Midway through the meeting, Gill’s manager Yasir also joined in. “We help all this poor very much,” he said in broken English.

Gill said she was glad to have him on aboard. “Yasir is so devoted he has left his family and quit his job to focus on CULA,” she said.

Gill’s confidence remained unwavering throughout the conversation as she ran us through her fanciful schemes, name-dropping of international celebs and political heavyweights and using obscure financial jargon to bubble-wrap her sham show.

Sample this: “I want to inject cash at the street level to end gridlock, get cash flowing and pay down debt so that businesses can refocus on growth. The aim is to achieve quantitative easing, rewire the economy with horizontal collaboration and create self-employment and micro entrepreneurship.”

Last fortnight, an Abu Dhabi real estate company nearly fell for this mumbo jumbo after she tried to talk them into transferring a Dh50 million building in her name.

“She appeared so convincing we were almost duped. Thankfully, we did our due diligence and found out that she’s a fraud,” Georges de Castro, the firm’s French manager, told XPRESS.

Among Gill’s long list of victims and targets worldwide is Martin Seward-Case, a Dubai-based chartered surveyor and partner at BWA Management Consultants.

In 2009, Martin was approached by Gill Wallace to build 2,200 orphanages in Africa at costs running into millions of pounds.
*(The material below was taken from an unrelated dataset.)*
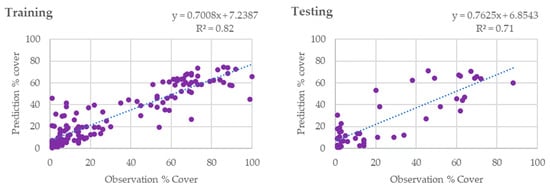 Figure 10 depicts the correlation between the observed and predicted percentage cover with a scatter plot, demonstrating a clear positive linear trend. The line of best fit for the training data is characterized by the equation y = 0.7008x + 7.2387, with an R-squared value of 0.8164, implying that the model successfully explains over 81% of the variance. This high level of variance explained indicates a robust predictive ability within the training context. Upon evaluation of the testing data, a similar positive linear relationship is evident, albeit with a modest reduction in the R-squared value to 0.7097. This best-fit line is represented by the equation y = 0.7625x + 6.8543. The observed reduction in the R-squared value, relative to the training phase, suggests a diminished, yet still substantial, predictive capacity when the model is applied to unseen data. Despite this diminution, the model maintains a commendable level of prediction accuracy, underscoring its utility in practical applications. Building on the established prediction model, Figure 11 extends the analysis to a temporal dimension, showcasing a time-series map of coral density across three distinct years: 2003, 2011, and 2021. This map provides a visual representation of the changes in coral density over the 18-year period, illustrating spatial patterns and trends within the benthic habitats of Derawan Island. In 2003, the map likely reveals a distribution of coral densities that corresponds to the initial baseline conditions within the study area. As we progress to 2011, the map reflects any shifts that have occurred over the eight-year interval, potentially showing changes in coral densities that may be attributable to various environmental factors or anthropogenic influences. By 2021, the culmination of the series, the map captures the latest state of coral densities, offering insights into the long-term evolution of the coral ecosystem. The changes depicted in the time-series map are underpinned by the predictive model’s accuracy, as previously discussed. The model’s capability to account for a significant portion of variance in the training and testing phases provides confidence in the reliability of the trends observed in the time-series map.

Initially tempted to go ahead, Martin told XPRESS he backtracked when he found about the woman’s criminal past.

In a statement to XPRESS, Martin said: “Ambassador Hope or whatever she calls herself now is a very shrewd trickster. With her record in the UK partly obscured due to her name change, she preys on open-minded people’s conscience supporting this with remarkable bravado and significant ‘media proof’ of her credibility. I was well into my second meeting with her before I noticed a few inconsistencies. When I confronted her over the phone a few days later she lost the plot - threatening legal action and all sorts. Needless to say nothing came of it as she had been found out.

Five years on and reading her current linkedIn profile - it seems she is still at it. Someone in authority really needs to do something about this as innocent folk should not have to suffer.”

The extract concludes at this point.